Nothing in this Agreement expressed or implied and nothing that may be
inferred from any of the provisions hereof is intended, or shall be construed,
to confer upon, or give to, any person or corporation other than the Company,
the Warrant Agent, the Registered Holder of the Global Warrant Certificate and
the Warrantholders any right, remedy or claim under or by reason of this
Agreement or of any covenant, condition, stipulation, promise or agreement
hereof; and all covenants, conditions, stipulations, promises and agreements
contained in this Agreement shall be for the sole and exclusive benefit of the
Company, the Warrant Agent, and their respective successors, the Registered
Holder of the Global Warrant Certificate and of the Warrantholders.

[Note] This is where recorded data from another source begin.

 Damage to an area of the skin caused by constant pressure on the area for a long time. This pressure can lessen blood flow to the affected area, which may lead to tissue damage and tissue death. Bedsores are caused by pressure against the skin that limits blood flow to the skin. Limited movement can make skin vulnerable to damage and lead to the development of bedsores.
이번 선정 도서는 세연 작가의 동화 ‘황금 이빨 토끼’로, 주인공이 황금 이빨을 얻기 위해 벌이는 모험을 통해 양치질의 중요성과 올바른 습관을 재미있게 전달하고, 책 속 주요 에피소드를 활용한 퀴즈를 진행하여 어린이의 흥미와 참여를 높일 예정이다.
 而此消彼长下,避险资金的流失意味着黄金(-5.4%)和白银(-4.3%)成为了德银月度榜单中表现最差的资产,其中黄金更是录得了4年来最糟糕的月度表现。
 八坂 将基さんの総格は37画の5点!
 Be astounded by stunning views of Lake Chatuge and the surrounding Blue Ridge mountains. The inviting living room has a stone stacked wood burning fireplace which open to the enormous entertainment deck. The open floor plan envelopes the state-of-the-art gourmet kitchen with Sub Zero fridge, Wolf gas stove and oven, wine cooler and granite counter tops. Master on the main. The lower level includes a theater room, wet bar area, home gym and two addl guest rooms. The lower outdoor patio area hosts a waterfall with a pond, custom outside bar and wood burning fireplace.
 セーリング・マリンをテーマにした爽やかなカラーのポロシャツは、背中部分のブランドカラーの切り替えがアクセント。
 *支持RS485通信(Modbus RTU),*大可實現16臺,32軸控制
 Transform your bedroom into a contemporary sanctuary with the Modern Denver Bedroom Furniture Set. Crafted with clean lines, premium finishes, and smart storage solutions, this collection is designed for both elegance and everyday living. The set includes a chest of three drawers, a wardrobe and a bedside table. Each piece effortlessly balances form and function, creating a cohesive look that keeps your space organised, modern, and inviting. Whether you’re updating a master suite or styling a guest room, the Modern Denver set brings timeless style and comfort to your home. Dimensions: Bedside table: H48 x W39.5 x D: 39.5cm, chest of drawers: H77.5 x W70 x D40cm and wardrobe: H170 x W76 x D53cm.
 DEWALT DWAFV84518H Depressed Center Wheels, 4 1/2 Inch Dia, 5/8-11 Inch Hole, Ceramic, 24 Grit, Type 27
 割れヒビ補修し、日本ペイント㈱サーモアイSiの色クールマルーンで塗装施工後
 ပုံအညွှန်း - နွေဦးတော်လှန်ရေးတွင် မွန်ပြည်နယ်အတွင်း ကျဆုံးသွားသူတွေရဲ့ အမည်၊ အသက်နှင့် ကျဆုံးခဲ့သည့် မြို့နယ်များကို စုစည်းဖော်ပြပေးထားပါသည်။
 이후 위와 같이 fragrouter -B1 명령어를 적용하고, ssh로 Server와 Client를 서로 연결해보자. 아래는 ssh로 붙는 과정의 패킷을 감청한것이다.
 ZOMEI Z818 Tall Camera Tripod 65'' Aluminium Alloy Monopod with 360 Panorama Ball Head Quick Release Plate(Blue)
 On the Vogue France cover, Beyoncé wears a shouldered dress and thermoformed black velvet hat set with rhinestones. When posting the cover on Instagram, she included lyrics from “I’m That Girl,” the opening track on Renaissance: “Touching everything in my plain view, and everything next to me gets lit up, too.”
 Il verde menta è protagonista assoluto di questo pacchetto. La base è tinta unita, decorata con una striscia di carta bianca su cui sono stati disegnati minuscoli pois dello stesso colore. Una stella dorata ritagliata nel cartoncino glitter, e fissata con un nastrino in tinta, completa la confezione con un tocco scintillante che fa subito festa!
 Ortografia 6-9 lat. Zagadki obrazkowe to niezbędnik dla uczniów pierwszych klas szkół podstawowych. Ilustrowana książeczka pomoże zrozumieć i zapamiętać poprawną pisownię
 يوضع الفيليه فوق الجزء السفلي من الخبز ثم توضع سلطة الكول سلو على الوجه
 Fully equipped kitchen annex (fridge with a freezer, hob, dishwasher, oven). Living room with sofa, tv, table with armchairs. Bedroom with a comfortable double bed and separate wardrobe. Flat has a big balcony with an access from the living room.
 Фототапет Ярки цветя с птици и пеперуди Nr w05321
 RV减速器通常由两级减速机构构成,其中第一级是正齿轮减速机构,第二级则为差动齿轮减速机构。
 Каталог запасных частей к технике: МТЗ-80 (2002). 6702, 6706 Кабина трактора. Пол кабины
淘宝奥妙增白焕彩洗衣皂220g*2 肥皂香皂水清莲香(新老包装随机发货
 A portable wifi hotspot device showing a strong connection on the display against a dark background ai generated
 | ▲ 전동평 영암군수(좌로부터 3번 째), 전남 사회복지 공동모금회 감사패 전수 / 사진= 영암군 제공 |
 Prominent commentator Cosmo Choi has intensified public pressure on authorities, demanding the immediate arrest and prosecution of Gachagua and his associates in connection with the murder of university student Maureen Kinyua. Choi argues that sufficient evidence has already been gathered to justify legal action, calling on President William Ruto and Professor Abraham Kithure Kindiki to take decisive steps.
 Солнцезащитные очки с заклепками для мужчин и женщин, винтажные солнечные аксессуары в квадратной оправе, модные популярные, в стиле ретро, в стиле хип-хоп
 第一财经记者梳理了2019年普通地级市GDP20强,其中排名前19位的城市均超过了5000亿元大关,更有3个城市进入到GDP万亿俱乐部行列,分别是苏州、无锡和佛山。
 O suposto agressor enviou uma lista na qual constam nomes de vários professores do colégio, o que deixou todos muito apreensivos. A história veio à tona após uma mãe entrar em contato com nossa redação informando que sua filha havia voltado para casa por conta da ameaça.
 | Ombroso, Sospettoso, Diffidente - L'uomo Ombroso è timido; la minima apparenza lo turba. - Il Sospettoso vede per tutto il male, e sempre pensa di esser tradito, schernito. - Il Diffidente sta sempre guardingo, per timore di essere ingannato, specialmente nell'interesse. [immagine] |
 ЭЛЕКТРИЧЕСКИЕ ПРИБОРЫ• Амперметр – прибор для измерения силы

	       SECTION 6.07.  Inspection of Agreement.  A copy of this
Agreement shall be available at all reasonable times at the Warrant Agent's
Office for inspection by the Warrantholders, Participants or any person
certified by any Participant to be an indirect participant of the Depository
or any person certified by any Participant to be a Warrantholder, in each
case, on behalf of whom such Participant holds Warrants.

	       SECTION 6.08.  Headings.  The descriptive headings of the
several Articles and Sections of this Agreement are inserted for convenience
only and shall not control or affect the meaning or construction of any of the
provisions hereof.

	       SECTION 6.09.     Counterparts.  This Agreement may be executed
in any number of counterparts, each of which so executed shall be deemed to be
an original; but such counterparts shall together constitute but one and the
same instrument.



	       SECTION 6.10.     Applicable Law.  This Agreement and each
Warrant shall be deemed to be a contract under the laws of the State of New
York, and for all purposes shall be construed in accordance with the laws of
said State, excluding choice of law provisions.

	       IN WITNESS WHEREOF, this Agreement has been duly executed by
the parties hereto as of the day and year first above written.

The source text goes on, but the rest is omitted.